Porn: My Story

I wish that I could say my journey with porn was short.  I wish I could say it was easy to overcome.  I wish I could say it was never an issue.  Interesting thing about porn…its full of regret for everyone that comes into contact with it or is close to someone wrestling with it.EL-LLB-BAG16

My story starts at 10…and will never end.  It will always be with me.  It doesn’t own me, it doesn’t control me.  But it will always be a place of weakness, a chink in my armor, a vulnerability.  And like anything that is fragile my eyes and mind have to be handled with care.

At 10 I saw my first playboy.  As a teenager I use to watch cable that was fuzzed out hoping to see something I wasn’t supposed to.  As a college student the internet and my personal computer (as a kid our computer was in a public place, that always made things interesting) became my gateway.
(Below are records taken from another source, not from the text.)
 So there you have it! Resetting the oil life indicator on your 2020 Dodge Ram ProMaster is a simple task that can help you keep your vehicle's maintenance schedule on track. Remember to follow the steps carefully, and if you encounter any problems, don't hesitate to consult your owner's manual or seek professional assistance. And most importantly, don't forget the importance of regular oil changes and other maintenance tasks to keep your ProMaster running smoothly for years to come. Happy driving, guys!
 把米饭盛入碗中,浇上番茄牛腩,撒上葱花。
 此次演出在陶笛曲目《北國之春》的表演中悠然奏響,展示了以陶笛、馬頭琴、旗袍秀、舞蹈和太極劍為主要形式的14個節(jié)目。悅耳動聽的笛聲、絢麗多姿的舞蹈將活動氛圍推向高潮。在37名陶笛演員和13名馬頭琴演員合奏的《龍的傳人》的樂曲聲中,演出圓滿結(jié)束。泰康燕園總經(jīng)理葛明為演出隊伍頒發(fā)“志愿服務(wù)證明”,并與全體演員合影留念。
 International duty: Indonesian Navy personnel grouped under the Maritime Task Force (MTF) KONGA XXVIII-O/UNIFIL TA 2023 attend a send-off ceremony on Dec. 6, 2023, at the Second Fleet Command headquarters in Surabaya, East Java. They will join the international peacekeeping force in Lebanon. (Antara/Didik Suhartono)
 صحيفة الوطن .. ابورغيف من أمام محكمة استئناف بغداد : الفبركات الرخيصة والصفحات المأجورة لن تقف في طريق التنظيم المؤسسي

As a young adult I move out and lived alone for 9 years.  That meant as a young man I had to choose freedom for myself.  It was my responsibility.  But it was a responsibility that I couldn’t learn or master alone…and that remains true to this day.

When Amanda and I became serious it was something I shared with her.  She was the first person I had been romantically involved with that I had shared my struggle with.  My confession was met with a deep sense of grace and acceptance.  It was the final piece to the healing puzzle.
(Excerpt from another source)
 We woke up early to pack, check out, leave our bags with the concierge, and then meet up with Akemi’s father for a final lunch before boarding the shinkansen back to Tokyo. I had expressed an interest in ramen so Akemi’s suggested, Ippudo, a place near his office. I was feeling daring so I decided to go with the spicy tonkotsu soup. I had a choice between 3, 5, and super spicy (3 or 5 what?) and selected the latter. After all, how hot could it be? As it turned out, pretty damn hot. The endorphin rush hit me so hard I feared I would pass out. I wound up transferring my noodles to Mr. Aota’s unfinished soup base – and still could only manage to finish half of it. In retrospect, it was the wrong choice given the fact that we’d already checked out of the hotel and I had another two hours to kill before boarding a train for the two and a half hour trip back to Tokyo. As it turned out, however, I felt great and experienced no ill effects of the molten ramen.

The breaking point for me might have been that I was in ministry, but it wasn’t.  My breaking point came in the form of relationship.  At some point I became aware of something so powerful it stripped porn of its strength.  I was out for a run one day beating myself up inside because I had ‘Given in once again.’  Something changed the moment I heard

“I already paid the price for that.  I died for you to have the chance to not be controlled.  I’ve already forgiven you, forgive yourself.”  

Porn preys on natural desires and perverts something designed to be special.  Like so many others my struggle started with insecurity (not feeling loved).  That was no one persons fault.  It’s a lifelong internal battle.  The loneliness factor that each of us experience fed my need to feel accepted and porn was a momentary outlet.

The problem with porn is that it provides a short term euphoria and sense of hope but leaves us with a long term illusion.

That illusion of care, acceptance and love is short lived and brings us back for more leaving us more empty and alone than we were before.

The freedom factor for me:  The power of porn was eliminated when I realized God wasn’t disappointed in me.  Didn’t hate me for it.  He loves me in-spite of it.  The moment I embraced the truth that no matter what I did I was accepted…and God liked me just how I was…I was on the path to freedom.  The single thought that would surface “Is what I am about to do worth damaging my relationship with Jesus?”  There was never a moment after that I could say yes and move on with what I felt I needed.

If you’re battling for freedom remember this: You are loved, He died for you to have the chance to be free, you have never been loved more than you are right now; and nothing is worth damaging your connection to Jesus.

I hope you find freedom like I have…it will always be there but today it isn’t in control and has no say in how I manage life.  So…it doesn’t have a place in my life anymore.  I found a friend that can always ask how I doing in this area, and he is always available if I find myself struggling with the lie that I need that pic or vid to feel something again.